You've been lucky on RAM for sure. Now about this static discharge thing. I also never used to use wriststraps or any other static precaution working on home stuff. I always did it right at work because it was required, but at home I routinely did just about anything I could to static damage them because I knew it was unlikely to cause a problem. My experience was always that the components worked fine anyways, and that ESD damage must be such a low occurence that you're just not likely to ever see it so it's not worth the trouble.
However, later on down the line I learned the error of my ways. I was failing to understand the nature of ESD damage. Someone finally clued me in. In short, ESD damage *does* happen with a surprisingly high frequency when you handle components unsafely, but you don't notice because the damage takes time to show. Essentially the high voltage of the ESD (ESD like when you shock yourself on a doorknob is very high voltage, it's just very low current) is destructive to the transistor junctions, but it usually doesn't cause immediate complete failure. A few days, months, or even years down the road, the junction will prematurely break down, having had a shortened lifespan because of the ESD damage.
So those components that failed on you after a few good years of service that you chalked up to just failing from age probably failed to a large degree from ESD back when you first installed them, and had you used the right precautions, they might've lasted a lot longer. Now that I understand this, I'm a lot more careful about ESD even at home. From what I read, the long-term effects of ESD over a large sample are better felt by electronics companies. They can actually see the warranty return rate on their chips drop consistently when they put better ESD precautions into place, although it may take a few years to see.
11*43+456^2
Out of sight, out of mind.
Being a former test lead for a memory diagnostic tool, I'd bet you had plenty of memory errors. When they occured, they didn't 'look' like memory errors, so you treated a different problem. Your fix 'worked', so you claimed sucess and moved on. Other errors might not have symptoms -- even if corrupton did occur -- so you didn't notice anything was wrong.
The stats given by others -- ~30% failure on cheap memory and 0% on good within the first month -- are close to my experiences. IMNSHO, the intial numbers are the same (~30% & ~0%). Over the lifetime of a system +10% of both cheap and good memory tends to fail (or get wrecked by bad power).
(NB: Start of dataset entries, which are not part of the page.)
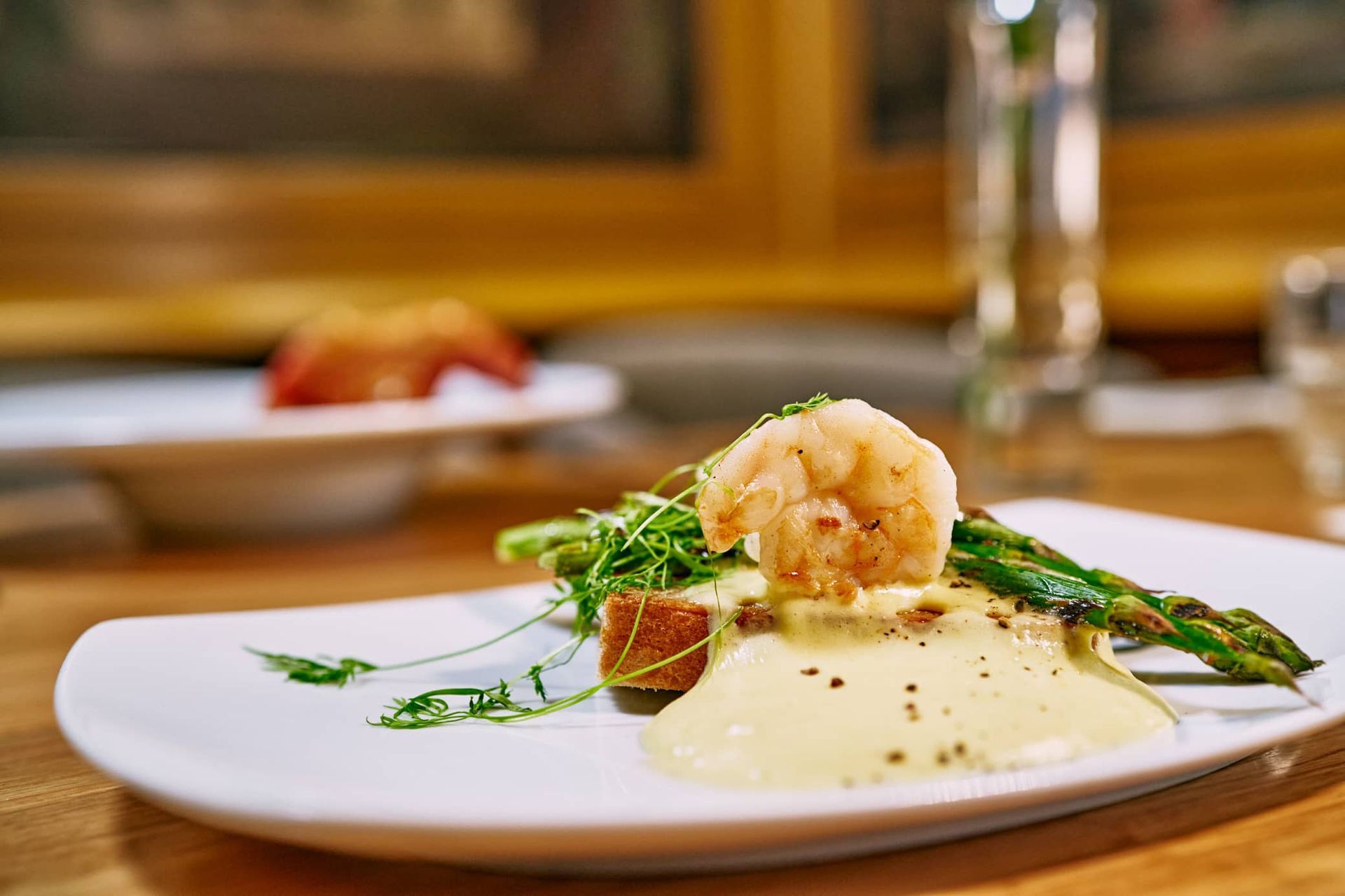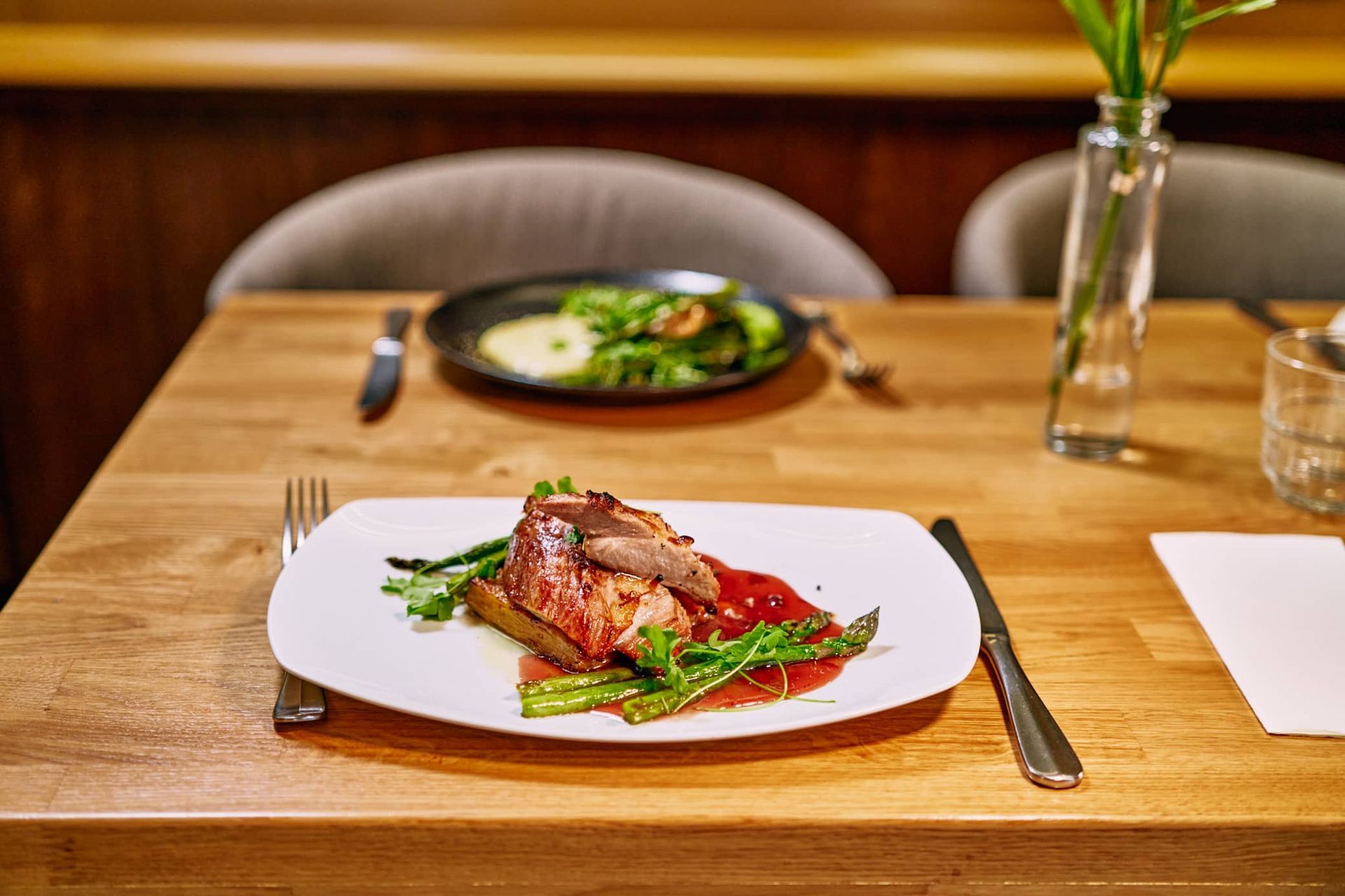 Duck leg & asparagus puree with red wine sauce and pickled asparagus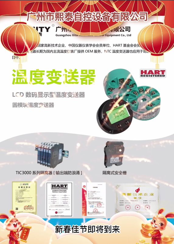 新春佳節即將到來,我謹代表熙泰自控公司向大家致以新春的祝福和誠摯的問候!熙泰自控作為研發生產 智能溫度變送器 信號變換器 安全柵 的國家高新技術企業,“研發與制造穩定可靠的控制產品”為企業使命的專業化公司,向關心、支持和幫助“風雨同舟”發展的各位用戶、社會各界朋友表示衷心的感謝! 2022年,我們凝心聚力、奮斗不息,公司蓬勃發展。其中智能溫度變送器長期為國內主流溫度儀表廠提供OEM服務,NTC溫度變送器也應用于地鐵及高鐵項目中。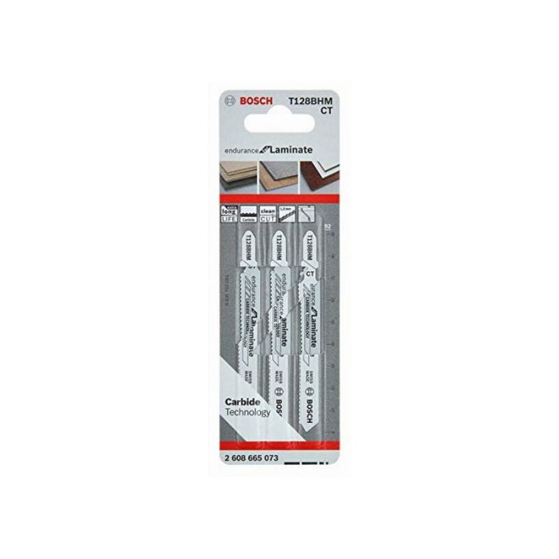 Ideale per impieghi impegnativi su materiali resistenti Le lame per seghetto alternativo standard in bimetallo cedono facilmente in presenza di materiali resistenti, quindi finora era necessario un numero elevato di lame per seghetto alternativo per portare a termine il lavoro. Grazie alle lame per seghetto alternativo Bosch Professional T 128 BHM Endurance for Laminate, non sarà più un problema eseguire il taglio di materiali resistenti quali pavimentazione in laminato, vinile e Trespa® con rinforzo di fibre. La Carbide Technology di Bosch rende le lame per seghetto alternativo particolarmente resistenti al calore, il che contribuisce a raggiungere una durata fino a 40 volte superiore rispetto alle lame standard in bimetallo. Le lame si adattano a seghetti alternativi di tutti i comuni produttori che presentano il codolo a T (attacco con dente di arresto). Dotazione di fornitura: 3 pz. lame per seghetto alternativo Bosch Professional T 128 BHM Endurance for Laminate - Lunghezza 92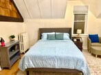 Property Id: 2121459 This unit is one of two on the top floor of a suburban home. It's located on a tree-lined street in a walkable neighborhood, and just blocks from numerous parks, coffee shops, and restaurants. Only one block from 11&15, routes I-83, 581, or 81, are just a stone's throw away. There is ample street parking just outside the house. Unit is completely furnished, and landlord pays utilities! Everything has been taken care of; you'll find starter toiletries and paper products, bath towels and washcloths, starter laundry and dish detergent, a white noise machine, Roku TV, nightstand with outlets and USB ports, hair dryer, laundry basket, vacuum, mobile island/table, ironing board and iron, Keurig, kitchenette with stove, oven, microwave, fridge, and freezer, kitchen stocked with silverware, dishes, coffee mugs, and cooking supplies. There is also an all-in-one washer/dryer unit you'll share with tenant of one other unit!
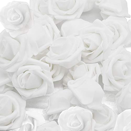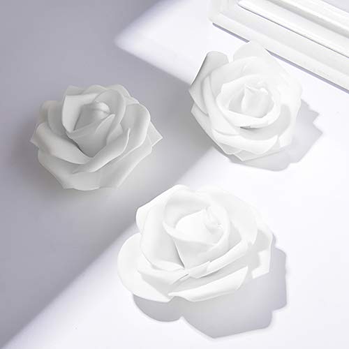 Inmozata Teste di rosa artificiali, realistiche al tatto, decorazione fai da te per matrimoni, feste, casa, esposizione, in schiuma, confezione da 50 pezzi bianco

To catch the +10% failure rate on non-ECC memory, and to catch memory subsystem errors in general, I run extensive tests on systems that can be taken down about once a year -- this is beyond any tests to diagnose flaky behavior.
Memtest86: It is excellent and as good as any other memory diagnostic software I've ever used when running all tests. As a matter of course, I add memtest86 to the boot menu on all x86 systems.
BIOS memory tests: The boot up memory tests are useful only to identify that the memory exists, so if possible I turn them off.
A firewall can not protect you from yourself. Turn off what you do not need. Do not use the firewall to do your work.